The regioal aggregation uses logic contained in the sum_per_region
method of covidcaremap/geo.py.
This notebook will compute the quantile breaks for the US Healtchare System Capacity visualization.
- processing/01_Geocode_HCRIS_Data.ipynb
- processing/02_Process_HCRIS_Data.ipynb
- processing/02a_Process_HIFLD_Data.ipynb
- processing/03_Merge_Facility_Information.ipynb
- processing/04_Generate_CovidCareMap_Facility_Data.ipynb
- processing/05_Merge_Region_and_Census_Data.ipynb
- processing/06_Generate_CovidCareMap_Regional_Data.ipynb
- processing/07_Compute_Quantile_Breaks.ipynb
Note: This data is a work in progress; it is not yet totally worked out and validated. Help wanted! More information is contained in the notebooks.
- processing/Generate_CCM_CareModel_Facility_Data.ipynb: Generates CareModel data for facilities in the CCM-HSC data.
- processing/Generate_CareModel_Regional_Data.ipynb: Aggregates CareModel data for US counties, states, and HRRs.
These notebooks process the Harvard Global Health Institute (HGHI) Data.
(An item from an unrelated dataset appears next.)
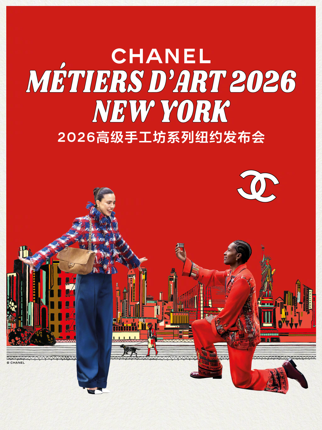 官方任命伴随一支由 Margaret Qualley 与 Rocky 共同出演的短片。影片取景纽约,从威廉斯堡一路到 Astor Place,两人以轻松而戏剧化的方式推动故事节奏,途中 Rocky 狂奔、游泳,并在折扣店完成换装,最终在地铁口为 Margaret Qualley 献上香奈儿白盒。短片为即将登场的 2026 Métiers d’Art 高级手工坊系列拉开序幕,也是新晋创意总监 Matthieu Blazy 加入品牌后的首个高级手工坊发布。

This processing generates the data used in the Ventilator Supply and Healthcare Capacity Map, by State visualization.
Must be run in this order:
- processing/Process_HGHI_Data.ipynb: Generates GeoJSON for the HGHI data.
- processing/Merge_Ventilator_and_HGHI_State_Data.ipynb: Merges he HGHI data with the ventilator data
- processing/Merge_HGHI_and_CCM_data.ipynb: Merges CovidCareMap Healthcare System Capacity data and HGHI data.